My big concern with making tuplesort_getdatum() deliberately copy into
caller's context is that that could introduce memory leaks in caller
code that evolved in a world where tuplesort_end() frees
pass-by-reference datum memory. Seems like the only risky case is
certain ordered set aggregate code, though. And, it's probably just a
matter of fixing the comments. I'll read through the bug report thread
that led up to October's commit be0ebb65 [1]/messages/by-id/CAB4ELO5RZhOamuT9Xsf72ozbenDLLXZKSk07FiSVsuJNZB861A@mail.gmail.com -- Peter Geoghegan tomorrow, to make sure of
this.
I just noticed that process_ordered_aggregate_single() says that the
behavior I propose for tuplesort_getdatum() is what it *already*
expects:
/*
* Note: if input type is pass-by-ref, the datums returned by the sort are
* freshly palloc'd in the per-query context, so we must be careful to
* pfree them when they are no longer needed.
*/
This supports the idea that ordered set aggregate code is the odd one
out when it comes to beliefs about tuplesort memory contexts. Even
just among tuplesort_getdatum() callers, though even more so among
tuplesort callers in general. One simple rule for all tuplesort fetch
routines is the high-level goal here.
Note that you removed the quoted comment within be0ebb65, back in October.

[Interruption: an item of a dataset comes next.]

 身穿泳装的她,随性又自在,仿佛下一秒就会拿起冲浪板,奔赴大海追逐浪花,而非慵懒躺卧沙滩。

There were multiple instances of basically that same comment before.
AFAICS I just consolidated them into one place, in the header comment for
ordered_set_shutdown.
I see. So, to restate my earlier remarks in terms of the newer
organization: The last line in that header comment will need to be
removed, since it will become false under my scheme. The line is:
"Note that many of the finalfns could *not* free the tuplesort object,
at least not without extra data copying, because what they return is a
pointer to a datum inside the tuplesort object".

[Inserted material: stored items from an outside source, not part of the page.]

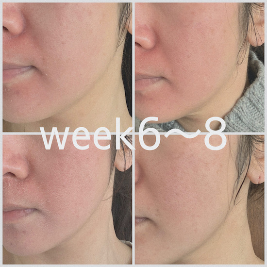 6週間も経つと肌に耐性ができてくるのか、以前ほどは皮むけしなくなりました。医師の指導のもと、トレチノインの割合を増やして様子を見ることに。赤みはほぼなくなってきましたが、トレチノインの量を増やすと再び皮むけが始まりました。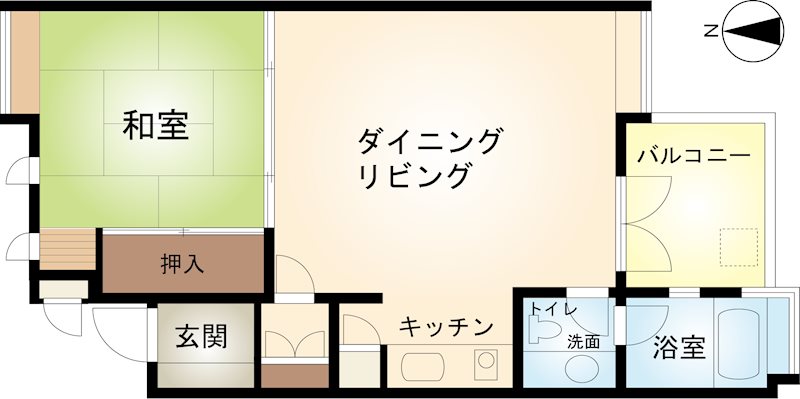 専有:61.76m² / 間取り:1LDK 平成2年(1990年)8月 / 5階だての4階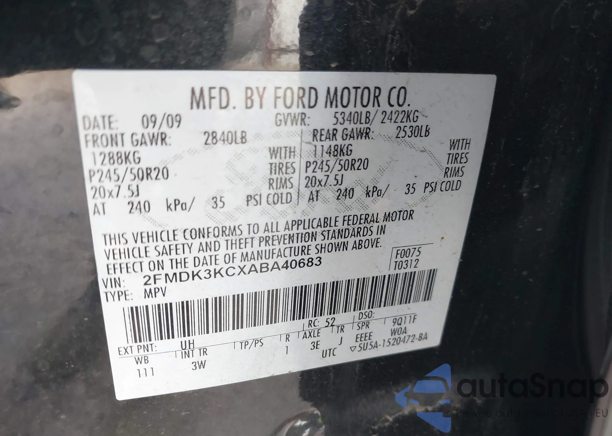 LOT: 43056567 VIN: 5UXFE43589L273952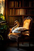 Een elegante zwaan troont in warm licht op een weelderige, antieke fauteuil, omgeven door een stilte die verhalen fluistert. De harmonieuze combinatie van natuur en klassiek design creëert een idyllische sfeer, perfect voor een woonkamer waarin kunst en gezelligheid onbeperkt naast elkaar bestaan.

[1]: /messages/by-id/CAB4ELO5RZhOamuT9Xsf72ozbenDLLXZKSk07FiSVsuJNZB861A@mail.gmail.com -- Peter Geoghegan
--
Peter Geoghegan
On Wed, Feb 7, 2018 at 7:02 PM, Peter Geoghegan <pg@bowt.ie> wrote:
On Wed, Feb 7, 2018 at 4:41 PM, Tom Lane <tgl@sss.pgh.pa.us> wrote:
Peter Geoghegan <pg@bowt.ie> writes:
It would be nice to get an opinion on this mode_final() + tuplesort
memory lifetime business from you, Tom.I'm fairly sure that that bit in mode_final() was just a hack to make
it work. If there's a better, more principled way, let's go for it.This is the more principled way. It is much easier to make every
single tuplesort caller on every release branch follow this rule (or
those on 9.5+, at least).
I now think that my approach to fixing 9.6 in
WIP-tuplesort-memcontext-fix.patch is too complicated to justify
backpatching. I had the right idea there, and have no reason to think
it won't work, but it now seems like the complexity simply isn't worth
it. The advantage of WIP-tuplesort-memcontext-fix.patch was that it
avoided an extra copy within tuplesort_gettupleslot() on the earlier
Postgres versions it targeted (the versions where that function does
not have a "copy" argument), by arranging to make sure that low-level
routines have tuplesort caller context passed all the way down.

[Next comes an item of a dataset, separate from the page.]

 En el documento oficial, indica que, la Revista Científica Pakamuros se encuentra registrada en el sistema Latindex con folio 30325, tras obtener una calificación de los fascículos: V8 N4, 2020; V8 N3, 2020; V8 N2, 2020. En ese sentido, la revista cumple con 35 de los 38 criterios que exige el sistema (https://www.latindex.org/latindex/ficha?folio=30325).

However, now that I consider the frequency that
WIP-tuplesort-memcontext-fix.patch would avoid such copying given real
9.6 workloads, its approach looks rather unappealing -- we should
instead just do a copy in all cases.
Another way of putting it is that it now seems like the approach taken
in bugfix commit d8589946d should be taken even further for 9.6, so
that we *always* copy for the tuplesort_gettupleslot() caller, rather
than just copying in the most common cases. We'd also sometimes have
to free the redundant memory allocated by tuplesort_gettuple_common()
within tuplesort_gettupleslot() if we went this way -- the should_free
= true case would have tuplesort_gettuple_common() do a pfree() after
copying. Needing a pfree() is a consequence of allocating memory for
caller, and then copying it for caller when we know that we're using
caller's memory context. A bit weird, but certainly very simple.
New plan:
* For 9.5 and 9.6, the approach taken in bugfix commit d8589946d
should be taken even further -- we should always copy. Moreover, we
should always copy within tuplesort_getdatum(), for the same reasons.
* For 9.5, 9.6, 10, and master, we should make sure that
tuplesort_getdatum() uses the caller's memory context. The fact that
it doesn't already do so seems like a simple oversight. We should do
this to be consistent with tuplesort_gettupleslot(). (This isn't
critical, but seems like a good idea.)
* For 9.5, 9.6, 10, and master, we should adjust some comments from
tuplesort_getdatum() callers, so that they no longer say that
tuplesort datum tuple memory lives in tuplesort context. That won't be
true anymore.
Anyone have an opinion on this?
The advantages of this approach are:
- It's far simpler than WIP-tuplesort-memcontext-fix.patch, and can be
applied to 9.5 and 9.6 with only small adjustments.
- It leaves all branches essentially consistent with v10+. v10+ gets
everything right already (except for that one minor
tuplesort_getdatum() + caller context issue), and it seems sensible to
treat v10 as a kind of model to follow here.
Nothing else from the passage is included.